AIM OF THE EXERCISE ▸
Where an image appears in the data, omit it and reproduce the rest exactly.

INFORMATION SHOWN ▸
******

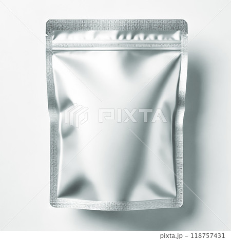 シルバーの無地パウチ袋。製品パッケージデザインに最適なモックアップ。
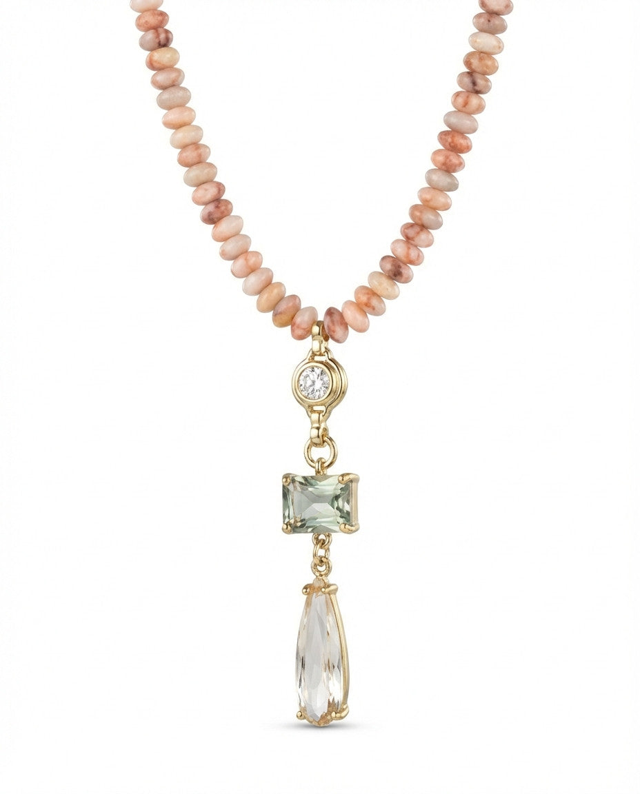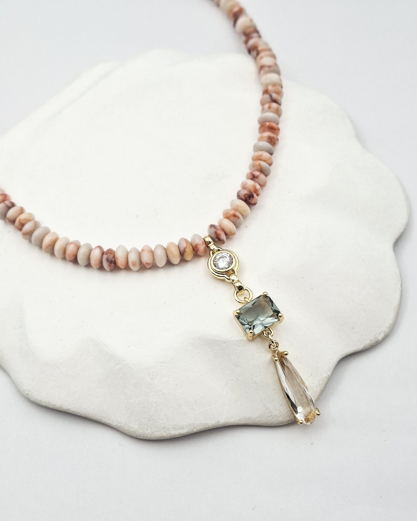 שרשרת קצרה מאבנים טבעיות בגווני קרם עם תליון מקסים משובץ זירקונים בצורות שונות ובגוונים שקוף ואפרפר. האלמנטים בשרשרת בציפוי ישראלי איכותי והיפואלרגני של זהב 24 קראט. הפריט מגיע ארוז למתנה ועם אחריות לשנה. ניתן להוסיף ברכה אישית ופתק החלפה.
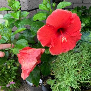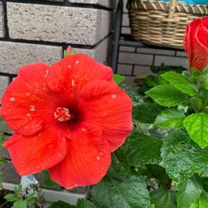 今日もさらに一輪開花のハイビスカス🌺 昨日咲いたお花の方は、やはり降り込んでいる雨に濡れ、うなだれてしまっていましたが、気温が低いためかキレイなお花はキープ❤️ そっと支えて、お花同士をご挨拶させてみました😊 ちょっとツンデレ風?(笑) どんよりした1日でしたが、大きな真っ赤にパワーをもらいました🤗

******

SOLUTION FOR THIS EXERCISE ▸
 シルバーの無地パウチ袋。製品パッケージデザインに最適なモックアップ。
 שרשרת קצרה מאבנים טבעיות בגווני קרם עם תליון מקסים משובץ זירקונים בצורות שונות ובגוונים שקוף ואפרפר. האלמנטים בשרשרת בציפוי ישראלי איכותי והיפואלרגני של זהב 24 קראט. הפריט מגיע ארוז למתנה ועם אחריות לשנה. ניתן להוסיף ברכה אישית ופתק החלפה.
 今日もさらに一輪開花のハイビスカス🌺 昨日咲いたお花の方は、やはり降り込んでいる雨に濡れ、うなだれてしまっていましたが、気温が低いためかキレイなお花はキープ❤️ そっと支えて、お花同士をご挨拶させてみました😊 ちょっとツンデレ風?(笑) どんよりした1日でしたが、大きな真っ赤にパワーをもらいました🤗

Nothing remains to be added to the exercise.